• _Material provided_
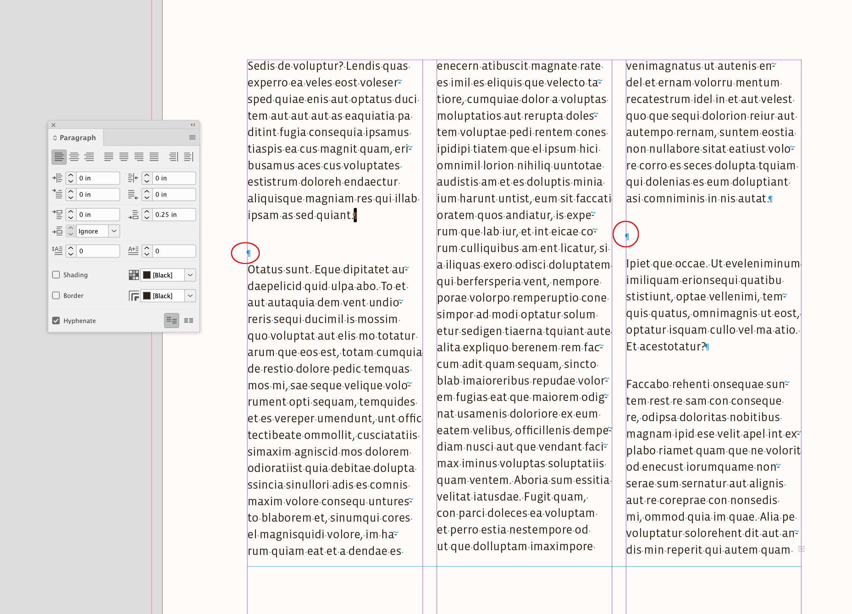 Hi @MikePost , Can you show a capture with Hidden Characters turned on? It’s not likely an align to baseline grid setting because I can see in your capture, your text colunms are not aligned to the same baseline.
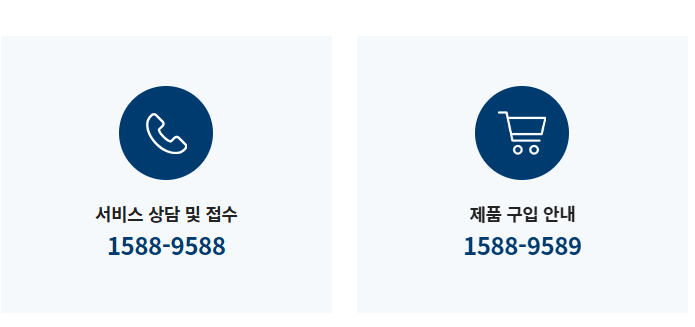 - 이전 설치, 세척 서비스 등은 콜센터를 통해 별도로 접수해야 합니다.
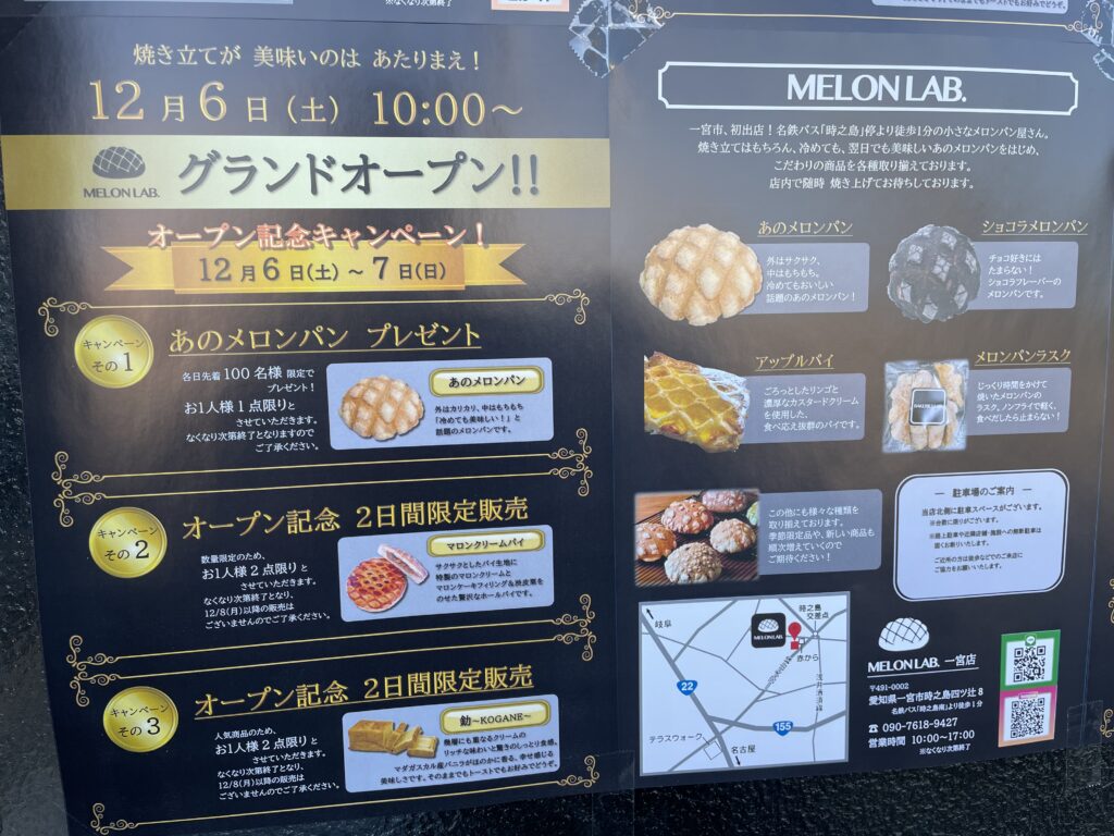 12/6(土) MELON LAB.一宮店 グランドオープン!! - BAKERIES LAB.(ベーカリーズラボ)

• _What is required_
The data above should be returned in full, exactly as written, apart from its images.

• _Finished exercise_
 Hi @MikePost , Can you show a capture with Hidden Characters turned on? It’s not likely an align to baseline grid setting because I can see in your capture, your text colunms are not aligned to the same baseline.
 - 이전 설치, 세척 서비스 등은 콜센터를 통해 별도로 접수해야 합니다.
 12/6(土) MELON LAB.一宮店 グランドオープン!! - BAKERIES LAB.(ベーカリーズラボ)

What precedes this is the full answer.